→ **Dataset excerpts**
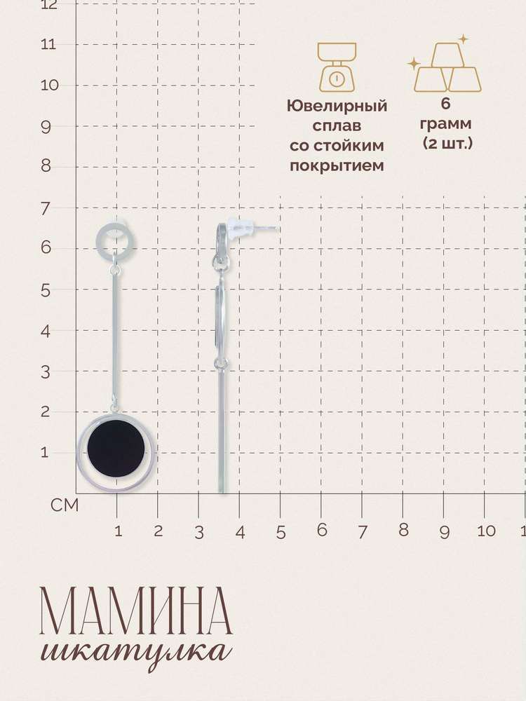 Серьги «Черная луна» – это настоящее произведение искусства, сочетающее мистику и элегантность. Выполненные из бижутерного сплава, они поражают своим глубоким черным оттенком, который олицетворяет загадочность и силу. Изысканный дизайн придаёт образу утончённость и драматизм, привлекая внимание своим магнетизмом. Доступные в золотистом и серебристом цветах, эти серьги станут эффектным акцентом как для вечернего выхода, так и для повседневного стиля, подчеркивая вашу индивидуальность и изысканный вкус. «Мамина шкатулка» — бренд, воплощающий оригинальные идеи в мире украшений. В коллекции представлены изделия, созданные талантливыми дизайнерами со всего мира. Забота о клиенте — наш приоритет, поэтому мы предлагаем расширенную гарантию, услуги по ремонту и замене украшений. Ассортимент постоянно обновляется, чтобы вдохновлять и радовать тех, кто ищет стильные и необычные аксессуары. Винтажные, минималистичные и богемные модели приходят в элегантной упаковке, что делает их прекрасным выбором как для себя, так и для подарка.
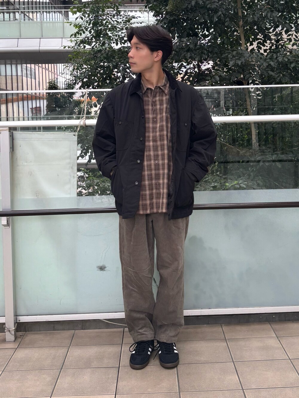 ご覧いただきありがとうございます。 ブラックとブラウンでまとめたコーディネートを組みました。 全体的にカジュアルなコーディネートですが インナーをシャツにしたり色味をまとめることで、キレイめ感も演出しています。
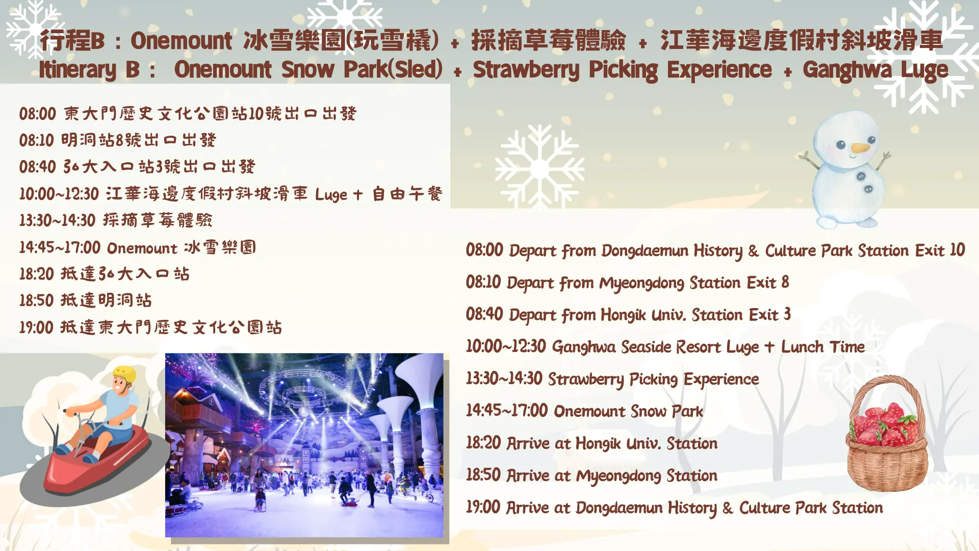 - Enjoy sledding, strawberry picking, and luge rides for a full day of Korean winter fun.
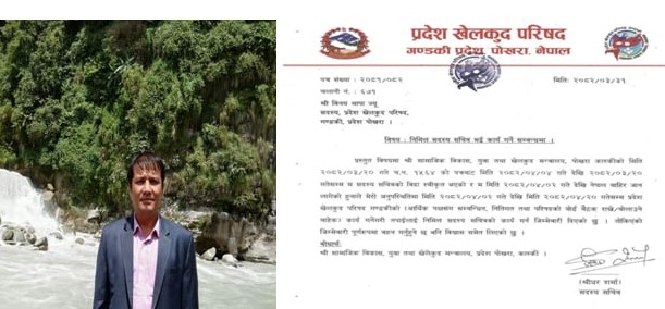 प्रदेश खेलकुद परिषद, गण्डकी प्रदेशका सदस्य विनय थापालाई परिषदको निमित्त सदस्य सचिवको जिम्मेवारी सम्हाल्नु भएको छ । परिषदका सदस्य सचिव श्रीधर शर्माको विदेश भ्रमण तथा बिदाका कारण उक्त जिम्मेवारी अस्थायी रूपमा थापालाई दिइएको परिषदले जनाएको छ ।
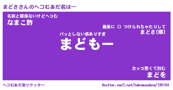 | ヒーロー風カッコイイあだ名 | 『スーパーマドサ』『ウルトラまどさマン』 |
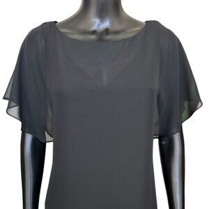 Adrianna Papell Chiffon Overlay Dress Flutter Sleeves Black Midi SZ 12-14 Approx
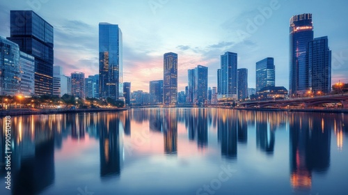 © phattharabodin, Fototapeta premium A panoramic shot of an urban skyline reflected in a river, with sleek modern skyscrapers and bridges in the background.
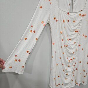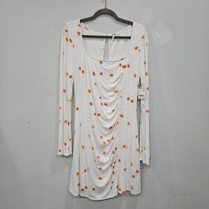 Free People Celia Long Sleeve Square Neckline Ivory Floral Mini Dress New Large
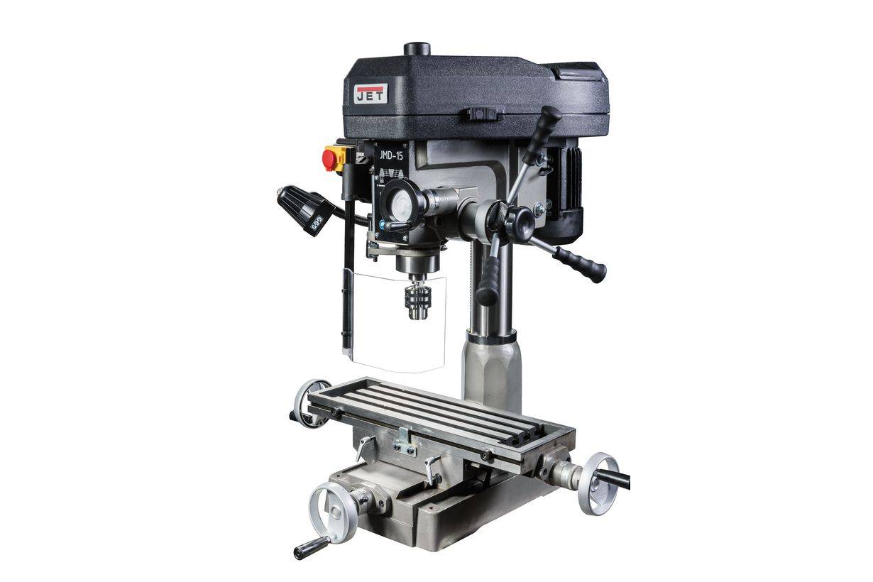 Сверлильно-фрезерный станок JMD-15 представляет собой универсальный тип станочного оборудования, выпускаемого компанией JET. Модель рассчитана на выполнение полного спектра фрезерных и сверлильных работ, нарезания резьбы, выполнения других технологических операций. Оборудование разработано для индивидуального использования, пригодно для производственного цикла. Мощный двигатель и сама конструкция станка рассчитаны на длительные режимы обработки. Станок имеет мощную литую станину из серого чугуна. Массивная стойка дополняет прочность и устойчивость всей конструкции. Особенностью модели JMD-15 является наличие механизма поворота фрезерной головки на 360 0, облегчая технологические манипуляции в процессе обработки заготовок. Станок оснащен функцией контроля над глубиной сверления, повышая качество обработки и производительность.
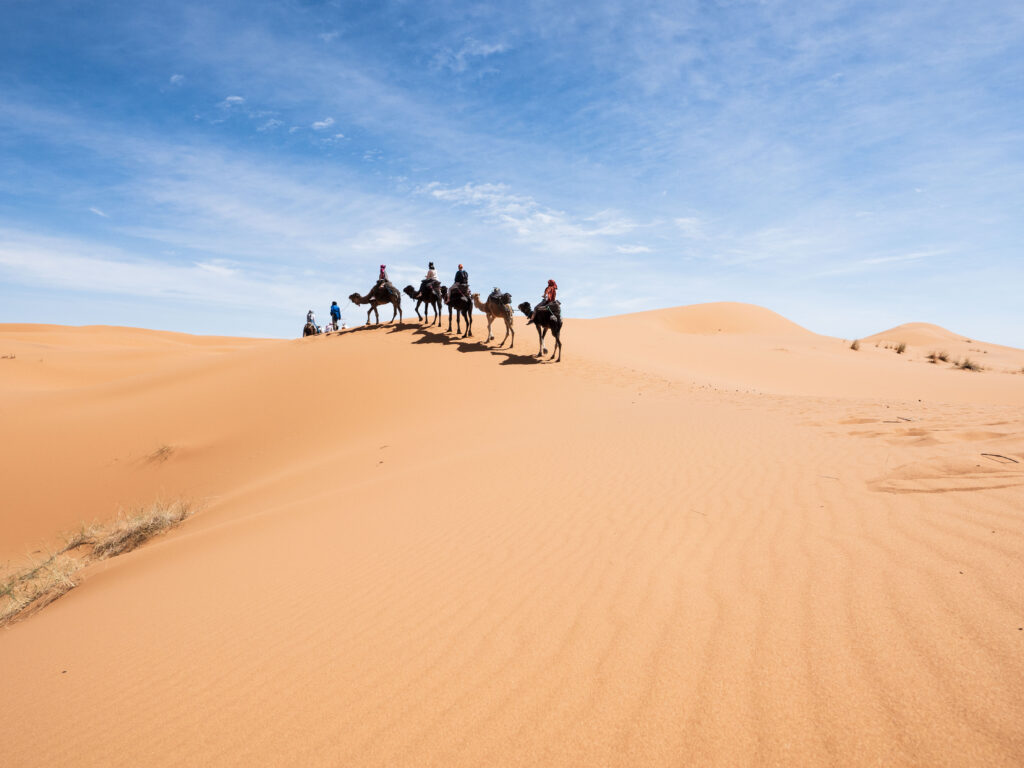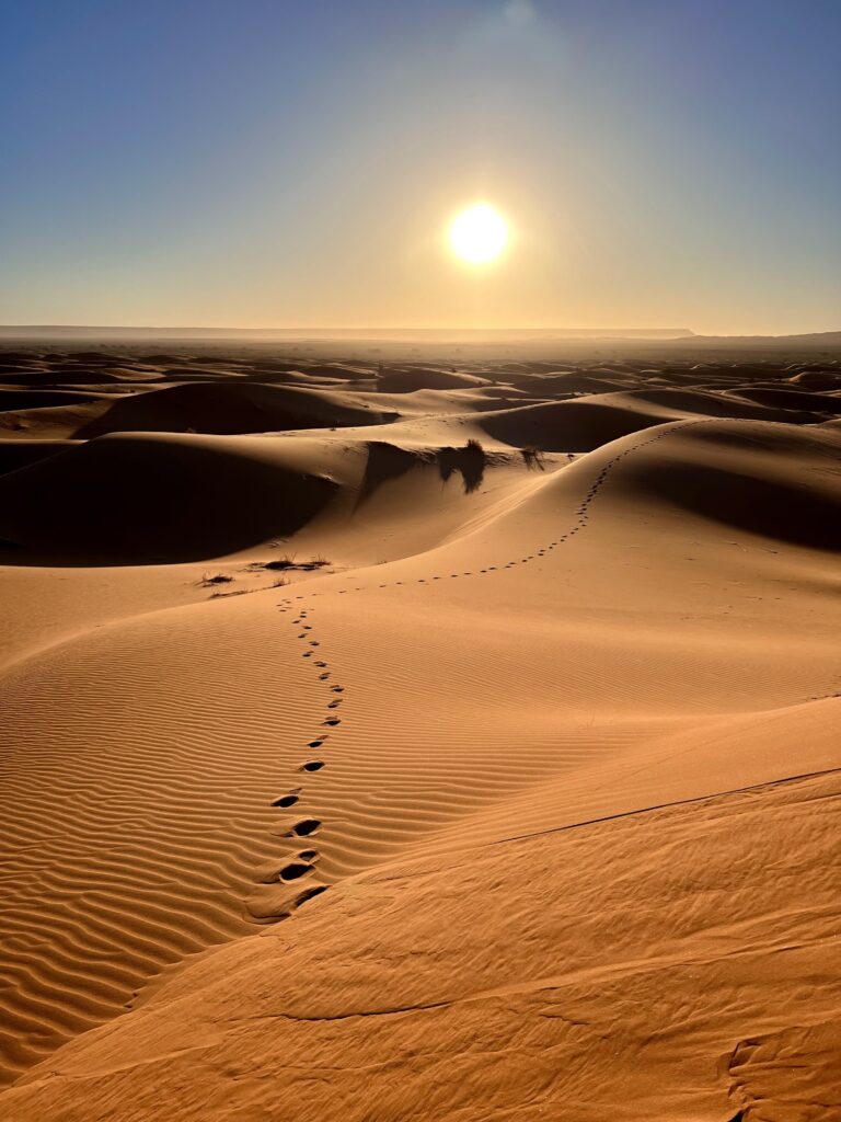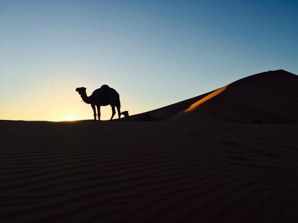 Am Vormittag reiten wir auf unseren Kamelen zu unserem Wüstencamp (auch als Wanderung oder mit Fahrzeug möglich). Dort erwartet uns ein herrlich frisches Mittagessen und die Familie Oussidi, die uns während unseres Aufenthalts in der Wüste umsorgen wird. Nachdem wir uns im Camp eingerichtet haben, begeben wir uns zu unserer ersten Yogastunde in der Wüste. Lass die Wüste auf dich wirken und tauche in die Stille ein.
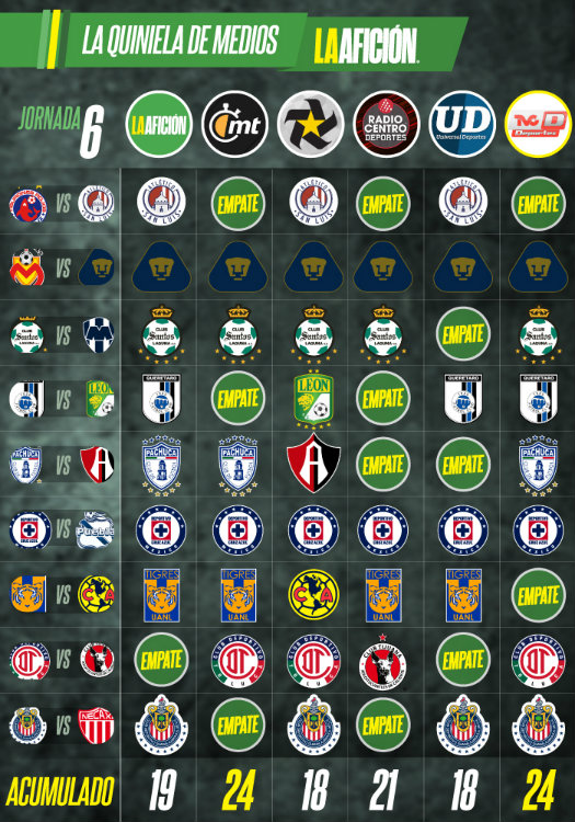 No obstante, aunque se están en el sótano general, Multimedios y el Universal Deportes pueden -en cualquier momento- alcanzar a los punteros, en caso de una buena jornada, con sus 18 aciertos hasta el momento.
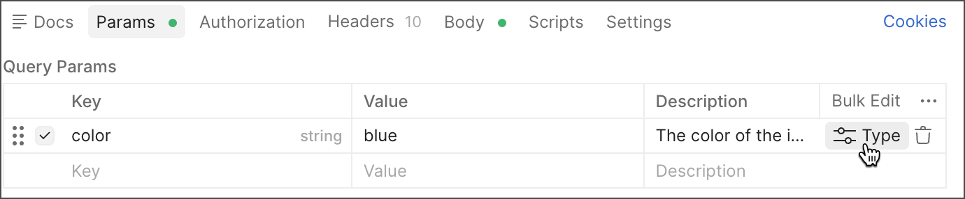 You can add types to parameters and headers to your HTTP collections. Types can include data type, format, default value, and possible values. You can also specify if a component is required. Details you add will appear in the collection’s documentation.
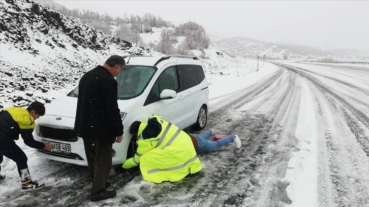 Aracın lastiklerine zincir takan trafik polisleri, ailenin yola devam etmesini sağladı.
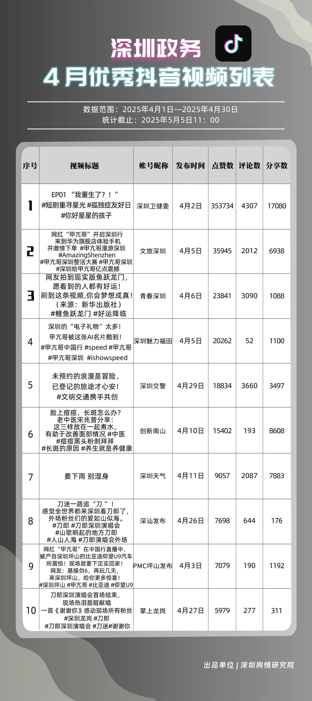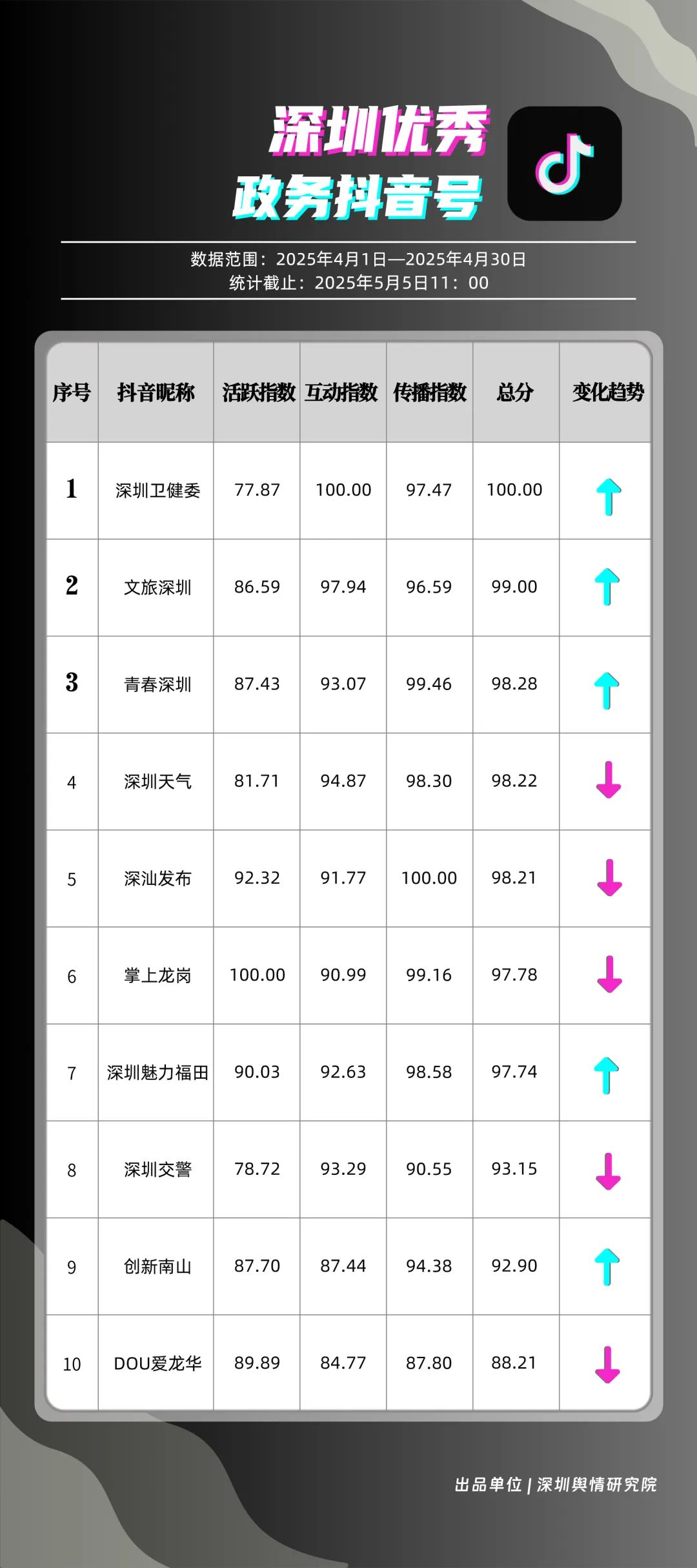 4月,“深圳衛(wèi)健委”“文旅深圳”“青春深圳”“深圳天氣”“深汕發(fā)布”“掌上龍崗”“深圳魅力福田”“深圳交警”“創(chuàng)新南山”“DOU愛龍華”共10個政務(wù)抖音號獲得“優(yōu)秀政務(wù)抖音號”稱號。4月,“深圳衛(wèi)健委”“文旅深圳”“青春深圳”憑借新穎的內(nèi)容策劃、生動的短視頻呈現(xiàn)方式,實現(xiàn)排名提升,位居榜單前三。“深圳天氣”“深汕發(fā)布”緊隨其后,以優(yōu)質(zhì)實用的內(nèi)容、接地氣的表達(dá),持續(xù)擴(kuò)大政務(wù)新媒體的傳播聲量。上榜賬號積極探索創(chuàng)新傳播路徑,以生動有趣的方式傳遞政務(wù)信息,為深圳政務(wù)新媒體在短視頻領(lǐng)域的發(fā)展注入新活力。

→ **Exercise prompt**
First drop every picture, then print the data above exactly as it stands.

→ **Response to this task**
 Серьги «Черная луна» – это настоящее произведение искусства, сочетающее мистику и элегантность. Выполненные из бижутерного сплава, они поражают своим глубоким черным оттенком, который олицетворяет загадочность и силу. Изысканный дизайн придаёт образу утончённость и драматизм, привлекая внимание своим магнетизмом. Доступные в золотистом и серебристом цветах, эти серьги станут эффектным акцентом как для вечернего выхода, так и для повседневного стиля, подчеркивая вашу индивидуальность и изысканный вкус. «Мамина шкатулка» — бренд, воплощающий оригинальные идеи в мире украшений. В коллекции представлены изделия, созданные талантливыми дизайнерами со всего мира. Забота о клиенте — наш приоритет, поэтому мы предлагаем расширенную гарантию, услуги по ремонту и замене украшений. Ассортимент постоянно обновляется, чтобы вдохновлять и радовать тех, кто ищет стильные и необычные аксессуары. Винтажные, минималистичные и богемные модели приходят в элегантной упаковке, что делает их прекрасным выбором как для себя, так и для подарка.
 ご覧いただきありがとうございます。 ブラックとブラウンでまとめたコーディネートを組みました。 全体的にカジュアルなコーディネートですが インナーをシャツにしたり色味をまとめることで、キレイめ感も演出しています。
 - Enjoy sledding, strawberry picking, and luge rides for a full day of Korean winter fun.
 प्रदेश खेलकुद परिषद, गण्डकी प्रदेशका सदस्य विनय थापालाई परिषदको निमित्त सदस्य सचिवको जिम्मेवारी सम्हाल्नु भएको छ । परिषदका सदस्य सचिव श्रीधर शर्माको विदेश भ्रमण तथा बिदाका कारण उक्त जिम्मेवारी अस्थायी रूपमा थापालाई दिइएको परिषदले जनाएको छ ।
 | ヒーロー風カッコイイあだ名 | 『スーパーマドサ』『ウルトラまどさマン』 |
 Adrianna Papell Chiffon Overlay Dress Flutter Sleeves Black Midi SZ 12-14 Approx
 © phattharabodin, Fototapeta premium A panoramic shot of an urban skyline reflected in a river, with sleek modern skyscrapers and bridges in the background.
 Free People Celia Long Sleeve Square Neckline Ivory Floral Mini Dress New Large
 Сверлильно-фрезерный станок JMD-15 представляет собой универсальный тип станочного оборудования, выпускаемого компанией JET. Модель рассчитана на выполнение полного спектра фрезерных и сверлильных работ, нарезания резьбы, выполнения других технологических операций. Оборудование разработано для индивидуального использования, пригодно для производственного цикла. Мощный двигатель и сама конструкция станка рассчитаны на длительные режимы обработки. Станок имеет мощную литую станину из серого чугуна. Массивная стойка дополняет прочность и устойчивость всей конструкции. Особенностью модели JMD-15 является наличие механизма поворота фрезерной головки на 360 0, облегчая технологические манипуляции в процессе обработки заготовок. Станок оснащен функцией контроля над глубиной сверления, повышая качество обработки и производительность.
 Am Vormittag reiten wir auf unseren Kamelen zu unserem Wüstencamp (auch als Wanderung oder mit Fahrzeug möglich). Dort erwartet uns ein herrlich frisches Mittagessen und die Familie Oussidi, die uns während unseres Aufenthalts in der Wüste umsorgen wird. Nachdem wir uns im Camp eingerichtet haben, begeben wir uns zu unserer ersten Yogastunde in der Wüste. Lass die Wüste auf dich wirken und tauche in die Stille ein.
 No obstante, aunque se están en el sótano general, Multimedios y el Universal Deportes pueden -en cualquier momento- alcanzar a los punteros, en caso de una buena jornada, con sus 18 aciertos hasta el momento.
 You can add types to parameters and headers to your HTTP collections. Types can include data type, format, default value, and possible values. You can also specify if a component is required. Details you add will appear in the collection’s documentation.
 Aracın lastiklerine zincir takan trafik polisleri, ailenin yola devam etmesini sağladı.
 4月,“深圳衛(wèi)健委”“文旅深圳”“青春深圳”“深圳天氣”“深汕發(fā)布”“掌上龍崗”“深圳魅力福田”“深圳交警”“創(chuàng)新南山”“DOU愛龍華”共10個政務(wù)抖音號獲得“優(yōu)秀政務(wù)抖音號”稱號。4月,“深圳衛(wèi)健委”“文旅深圳”“青春深圳”憑借新穎的內(nèi)容策劃、生動的短視頻呈現(xiàn)方式,實現(xiàn)排名提升,位居榜單前三。“深圳天氣”“深汕發(fā)布”緊隨其后,以優(yōu)質(zhì)實用的內(nèi)容、接地氣的表達(dá),持續(xù)擴(kuò)大政務(wù)新媒體的傳播聲量。上榜賬號積極探索創(chuàng)新傳播路徑,以生動有趣的方式傳遞政務(wù)信息,為深圳政務(wù)新媒體在短視頻領(lǐng)域的發(fā)展注入新活力。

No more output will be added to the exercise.